Interestingly, Allen, this is how I became such a Darwinian critic. I began in 2000 to look for some kind of explanation for macroevolution. I read Kimura's "Neutral Evolution" (which, to use Stanley and Jukes term, is "Non-Darwinian Evolution"), and Lewontin's 1974 book, followed by Hoyle's "Mathematics of Evolution". It was clear then that neo-Darwinism (= Modern Synthesis) was dead.

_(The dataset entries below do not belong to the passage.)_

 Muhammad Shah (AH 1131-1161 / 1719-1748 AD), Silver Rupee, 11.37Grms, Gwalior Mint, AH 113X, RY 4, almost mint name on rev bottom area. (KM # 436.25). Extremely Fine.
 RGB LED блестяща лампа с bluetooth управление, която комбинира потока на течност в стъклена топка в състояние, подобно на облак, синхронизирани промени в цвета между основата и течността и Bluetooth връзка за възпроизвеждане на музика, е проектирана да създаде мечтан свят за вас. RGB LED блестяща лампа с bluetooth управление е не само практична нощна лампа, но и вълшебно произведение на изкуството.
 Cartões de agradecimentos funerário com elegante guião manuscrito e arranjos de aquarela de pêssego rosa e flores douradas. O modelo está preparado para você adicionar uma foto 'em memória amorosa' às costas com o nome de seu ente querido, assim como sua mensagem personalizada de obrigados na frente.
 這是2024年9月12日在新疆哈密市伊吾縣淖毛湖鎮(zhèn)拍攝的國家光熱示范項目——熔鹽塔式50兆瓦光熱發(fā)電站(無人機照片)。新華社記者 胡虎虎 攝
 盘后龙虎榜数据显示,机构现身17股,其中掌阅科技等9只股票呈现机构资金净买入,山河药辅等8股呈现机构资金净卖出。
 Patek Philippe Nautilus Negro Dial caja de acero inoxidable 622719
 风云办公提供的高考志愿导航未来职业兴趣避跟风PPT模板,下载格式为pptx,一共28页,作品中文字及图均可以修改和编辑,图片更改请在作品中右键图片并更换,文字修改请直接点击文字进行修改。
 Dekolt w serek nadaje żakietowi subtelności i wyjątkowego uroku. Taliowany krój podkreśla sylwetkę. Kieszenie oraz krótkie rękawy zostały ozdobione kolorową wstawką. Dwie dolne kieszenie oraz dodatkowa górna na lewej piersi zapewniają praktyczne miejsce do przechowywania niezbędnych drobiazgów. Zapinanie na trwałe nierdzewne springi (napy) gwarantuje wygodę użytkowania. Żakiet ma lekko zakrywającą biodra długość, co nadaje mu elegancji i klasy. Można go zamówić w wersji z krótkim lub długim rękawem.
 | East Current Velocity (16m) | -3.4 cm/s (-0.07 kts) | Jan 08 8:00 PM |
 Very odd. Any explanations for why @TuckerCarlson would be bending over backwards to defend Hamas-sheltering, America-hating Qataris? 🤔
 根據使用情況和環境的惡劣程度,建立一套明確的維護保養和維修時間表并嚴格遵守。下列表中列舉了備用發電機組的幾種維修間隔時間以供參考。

So, as I have said many times before, when ID supporters set their sights on “neo-Darwinism” as a target for criticism, they set their sights on a model that has been all but abandoned. The carnival has moved on, folks, and ID supporters are fighting battles that evolutionary biologists left behind a half century and more ago
Evo-devo doesn't really solve anything, Allen. Take the origin of just one gene: whence does it come? Some kind of mechanism has to be prescribed. You seem content to just simply say: "That's a problem for those working on abiogenesis. For me, once 'life' began, the mechanisms for variation were there and there must be some laws that dictate how these changes come about, and eventually we'll discover them. In fact, we're well on the road to such discoveries." This is convenient. But it is just simply an effort to completely sidestep the problems we face; namely, how did these complicated mechanisms of interaction arise in biology. Evo-devo appears to be no more than saying that if you push a particular set/combination of buttons on a computer, you'll get rich information as output (the analogy being that Hox-genes represent no more than 'buttons' that 'evolution pushes'), and, if you push a different combination of buttons, then you'll get a completely different form of information, though it still continues to be rich in complexity. But what about the pink elephant in the room? Where did the computer come from in the first place? The Modern Synthesis was supposed to give us this answer, but now its dead and being buried. So what then takes its place? Somehow you are intellectually comfortable in suspending these kinds of questions from critical analysis. This, then, becomes a question of whether or not proper logic is being applied to the raw facts that are, and have been, uncovered---which seems to me to run more along the lines of philosophy than pure biology. Just one more thing, if I may. You also write this:
Creationists have of course moved the goalposts, arguing that “they accepted all along that new species could arise from existing ones, it’s just “microevolution”, which everyone accepts. This despite the fact that speciation has always been considered to be the first (and perhaps most important) stage in macroevolution, and that less than two decades ago creationists were confidently stating that “true” speciation had not only never been observed, it couldn’t ever be observed because it can’t happen.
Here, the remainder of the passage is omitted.